At just under 14,000 ft. and easily accessible, Mauna Kea is one of the best places in the Pacific to gaze into the heavens. On any given night, thousands of meteors crash into the Earth’s outer atmosphere and streak across the twinkling backdrop of the evening stars. Burning themselves into oblivion, meteors turn us all into little kids and daydreaming astronauts as we strain our necks in the hopes of catching the next “big one.”
But what are meteors? Actually, meteors are very similar to comets and asteroids. Of course, what then are comets and asteroids? They are basically small, relatively speaking, pieces of rock and/or ice that aren’t part of a planet. A comet is formed mostly of ice and dust and follows an orbit that often brings it close to a star. When this happens, it begins to heat up and eject an ion and dust trail that can be millions of miles long, creating the characteristic tail. Comets come from the very outer parts of the universe and can cycle through their orbits for millions of years.
Asteroids, on the other hand, are pieces of rock made primarily of metallic and carbonaceous minerals that typically orbit the Sun in the asteroid belt, located between the orbits of Mars and Jupiter. Some have orbits extending outside the solar system and can be difficult and unpredictable when tracking their proximity to Earth’s orbit. This can be a big problem, just ask a dinosaur! Of course you can’t find one to ask, as it is theorized that several mass extinction events on Earth were probably caused by asteroid impacts. Scientists, using the telescopes on Mauna Kea, have even discovered evidence that our oceans may have originated from a previously unknown class of asteroids, covered with ice, that exist in the vast asteroid belt.
That brings us back to meteors. Simply put, meteors are small pieces of interplanetary dust that enter the Earth’s atmosphere. While in space, they are considered meteoroids. It is only when they begin to burn up in the atmosphere that they become meteors, often referred to as shooting stars.
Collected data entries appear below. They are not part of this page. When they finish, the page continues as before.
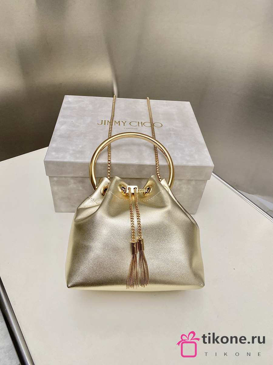 Jimmy Choo Nappa Mini Bag Micro Bon Bon Gold Metallic - 16x16x9cm
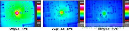 bq51025 10W無線接收器輸出電壓可在5V至10V的範圍內用外部反饋電阻器進行調節。這樣就可實現對一節或兩節串聯電池配置的充電,並且在與一個寬輸入電壓範圍開關模式NVDC類型充電器組合在一起時,能夠保持單節電池充電情況下的高效率。在諸如無線RX輸出情況下,NVDC充電器架構在減少較高電壓電源所需的輸入電流的同時,可實現低壓電池的高效充電。圖3顯示的是無線接收器電路板在為負載提供一個10W電源的同時,在5V,7V和10V輸出設置下的熱響應(分別為圖。 3a,b和c)。很明顯,10V輸出情況下產生的熱量最少,應該在高頻開關模式充電器可用於電池充電的情況下使用。
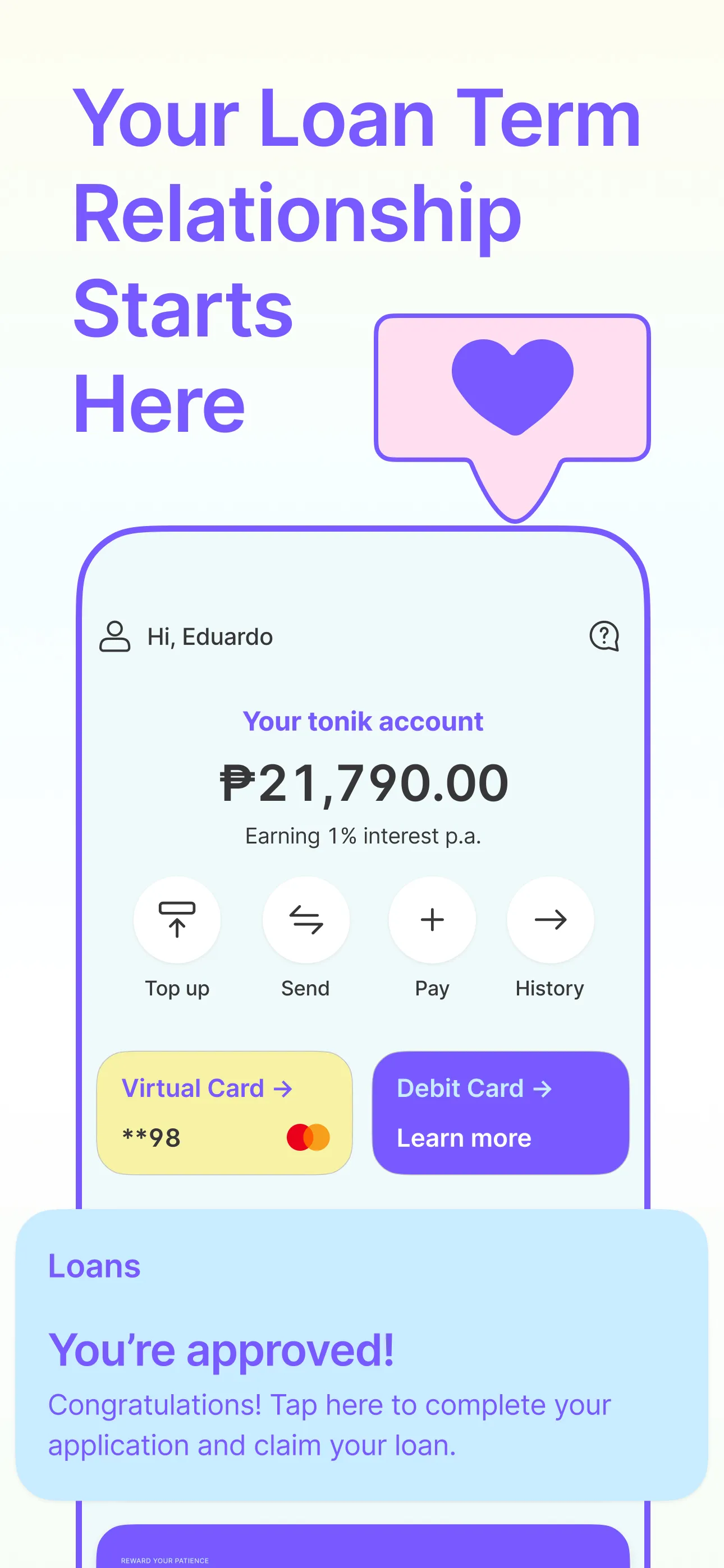Tonik is the Philippines' first neobank, proudly holding a digital bank license from the Bangko Sentral ng Pilipinas. At Tonik, we offer high-interest savings, round-the-clock customer care, and innovative services crafted to streamline your credit-building journey. Innovative. Passionate. Customer-first. That's Tonik. We're a 100% digital bank on a mission to revolutionize the way money works in Southeast Asia, offering only fast, easy, and secure transactions with a team of experienced bankers taking care of all your financial needs. We're a neobank that's there for you 24/7 with services that'll help you get ahead of your financial goals – that includes the Tonik Credit Builder! ...
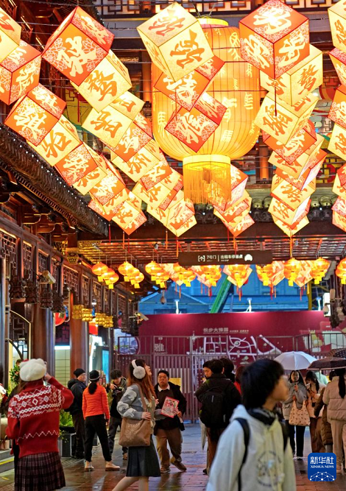 1月26日,豫園燈會上的春聯(lián)與流光溢彩的花燈營造出新春的喜慶氛圍。(新華社記者 劉穎 攝)

They can also originate from the dust and fragments that comets and asteroids eject as they pass by the planet. Hence, a comet can create a meteor shower as its tail ejects small pieces of dust that are pulled into the Earth’s atmosphere. Most meteors disintegrate during their fiery journey toward the surface. But, if a meteor is large enough, it will survive the passage and land on the surface. It is now classified as a meteorite.
Since ancient times, many cultures have treasured meteorites as sacred vessels with intrinsic value and cosmic powers. The Greeks built temples to them, the Native Americans used them as ceremonial objects, and the Hawaiians included them in their myths and legends. In modern times, meteorites possess great scientific value as they are the only material evidence, besides moon rocks from the Apollo missions, of the physical universe surrounding the Earth. It is estimated that 18,000 to 84,000 meteorites bigger than 10 grams fall to earth each year. This adds roughly 37,000-78,000 tons of stardust to the earth. On any given night, if the conditions are right, you are likely to see a meteor flash through the heavens.
Certainly, the top of Mauna Kea is the best place to view meteors. However, the temperature, altitude, and isolation may not be for everyone. Areas with some altitude, low light pollution, and a clear view of the sky during low moonlight offer the best conditions. Hawai‘i Volcanoes National Park or the Mauna Kea visitor stations are good bets for a comfortable viewing location.
The Hawaiians had many different words for meteors, comets, and asteroids— hōkū helele‘i (falling stars), hōkū lele (shooting star, meteor, any moving star), hōkū li‘ili‘i (asteroid, small star), hōkū puhipaka (comet), and hōkū welowelo (streaming star). They understood that our origins and fates were somehow connected to them, a fact modern science has confirmed. Every molecule and element that makes up the very fiber of our beings was born deep inside an ancient star. All creatures on earth and the Earth itself are just an infinitely complex congregation of stardust ejected from these dying stars. For every meteor that streaks across the night sky, another tiny addition of stardust enters our atmosphere and may one day become a part of us. If you have ever dreamed of traveling deep into space amongst the stars, even though such a journey may be unlikely, take some consolation knowing that the billions of elements that constitute our world and live within us already have.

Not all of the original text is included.